Andreas Vesalius born in Brussels

The Renaissance scientist, known for ‘De Humanis Corporis Fabrica Libri Septem was born on 31 December 1514.

Andreas Vesalius. Lithograph by E. Milster after E. J. C. Hamman, 1849. Wellcome Collection.

The great Renaissance scientist is regarded as the founder of the modern study of human anatomy. His name in Flemish was Andries Van Wesel. The Brussels in which he grew up and went to school, in the former duchy of Brabant, was ruled by the Spanish Habsburgs and his father was pharmacist, or drug specialist, to the Emperor Charles V. At 15, in 1529 he was sent to the University of Louvain and at 19 in 1533 he went to the medical school at the University of Paris, where he studied human bones from cemeteries and dissected some human bodies. He went back to Louvain in 1536 and then in the following year to Italy and the University of Padua, which had a tradition of encouraging freedom of thought and experiment. Copernicus had studied there and later Galileo was professor of mathematics. William Harvey, discoverer of the circulation of the blood, was one of its graduates in medicine.

Vesalius made such an impression in Padua that the day after receiving his doctorate in medicine he was appointed to lecture on surgery and anatomy. He dissected human cadavers and created anatomical charts of the human body to help his students. The parts of the body were labelled in a mixture of Greek, Latin, Arabic and Hebrew. He also published a textbook on dissection and a book on an improved method of blood-letting, then widely used in medical treatment. His appointment to the medical faculty was renewed in 1539 with a substantial increase in his salary and a note that his students held him in profound admiration. A judge in the criminal court in Padua had become so interested in Vesalius’ work that he started supplying him with bodies of executed criminals, which gave the anatomist more corpses to work on. Sometimes a prisoner’s execution was delayed to suit Vesalius’ workload.

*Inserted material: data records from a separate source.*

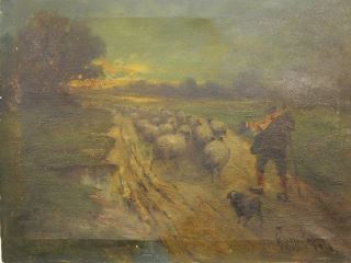 Oil on Canvas signed G. Thompson Pritchard, 18" x 24", "Shepherd Returning Flock".
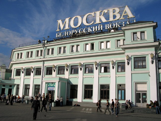 Белорусский вокзал находится по адресу пл. Тверской заставы, д. 7. (учитывая размеры Москвы – самый центр города). До него можно без труда добраться на метро или такси. Здесь есть туалеты, кафе, wi-fi, в общем все необходимое. Выглядит он так:
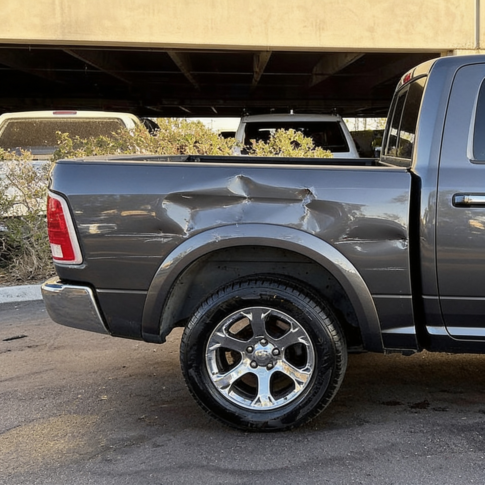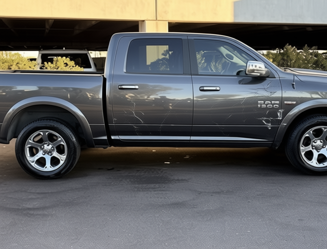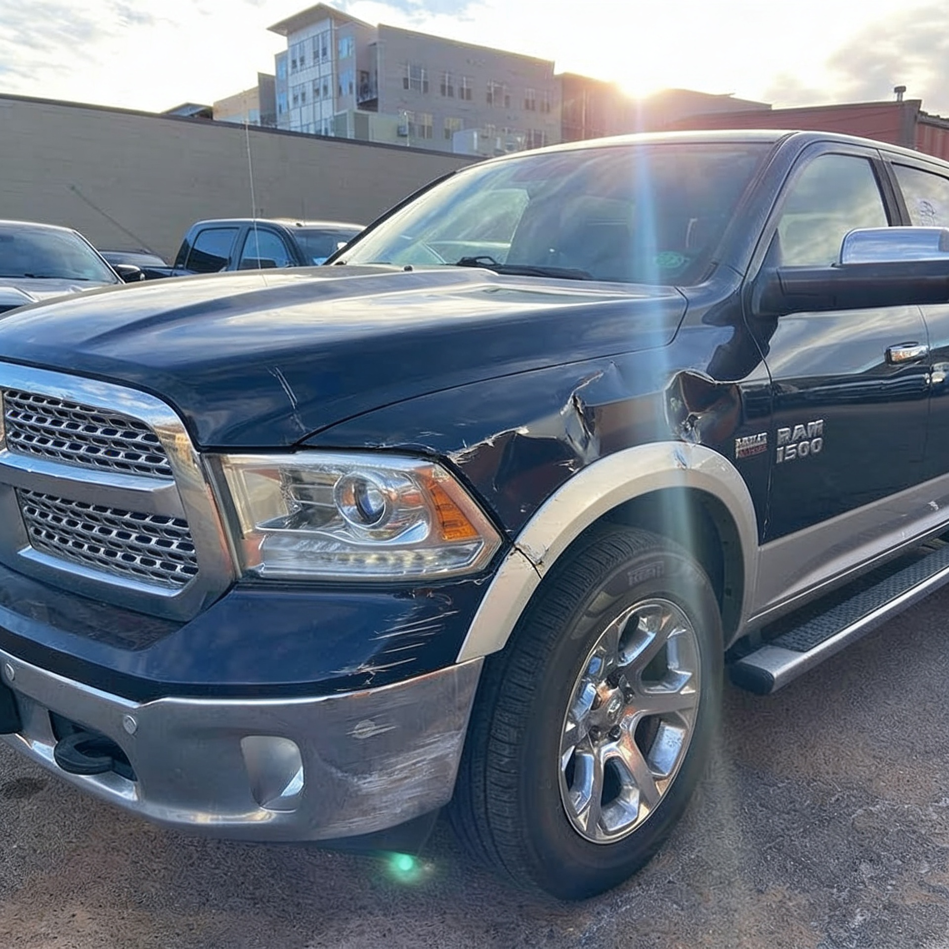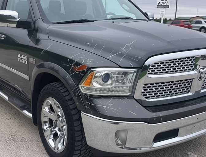 “Add realistic moderate body damage to this car - major scratches or moderate dents on the body panels. Make the damage look natural and real, as if from a minor collision. Preserve existing photo style and lighting as much as possible.”

Vesalius was coming to see that current theory was far too heavily dependent on Galen, the Greek anatomist of the second century AD, who had been physician to the Roman Emperors Marcus Aurelius and Septimius Severus. Galen had learned much from treating injured gladiators and had dissected the bodies of animals, but dissecting human bodies was forbidden in the Roman Empire. Galen was a pagan, but he believed there was only one God, which helped to make his books accepted as authoritative all through the Christian centuries in the Middle Ages.

Vesalius, 'De Humani Corporis Fabrica Epitome'. Wellcome Collection.

Vesalius’ dissections convinced him that much of Galen’s teaching about human bodies had been based on dissections of monkeys and was misleading. He once remarked that very little was being currently offered to students of anatomy that could not be better taught by a butcher in his shop. In 1542 he went to Venice to oversee, probably in Titian’s studio, the preparation of drawings to illustrate what proved to be his major work, De humani corporis fabrica libri septem (‘Seven Books on the Structure of the Human Body’), which was published in 1543. The Fabrica dealt with the bones, the muscles, the nervous system, the liver and kidneys, the heart and blood vessels, the reproductive organs, the skull and the brain. After some initial doubt, it was hugely admired and frequently reprinted, as a far more accurate and comprehensive treatment of human anatomy than any previous work. He presented a copy to Charles V, who appointed him as a physician to the imperial court.

In 1544 Vesalius married Anne von Hamme, who came from a rich Brussels family and bore him a daughter. His position at Charles V’s court was a mixed blessing, involving him in wearing consultations with the emperor and other patients about boring routine ailments, but after Charles abdicated in 1555 Vesalius went to be a court physician to Philip II of Spain in Madrid. He took every opportunity he could to teach anatomy and carry out post-mortems and, serving with the imperial army, he introduced effective new surgical techniques to treat wounds. Such was his reputation that when Henry II of France was severely injured in the head in a joust in 1559 it was Vesalius who was summoned urgently to take charge, though he was not able to save the king’s life.

Vesalius decided to make a pilgrimage to the Holy Land in 1564, going by way of Venice and Cyprus. It is not clear whether he reached Palestine or not, but either on the way there or on the way back he fell so seriously ill that he was put ashore on the Greek island of Zakinthos, then under Venetian control. He died there in 1564, aged 49, and it was probably there that he was buried. There is no report of anyone attempting to dissect him.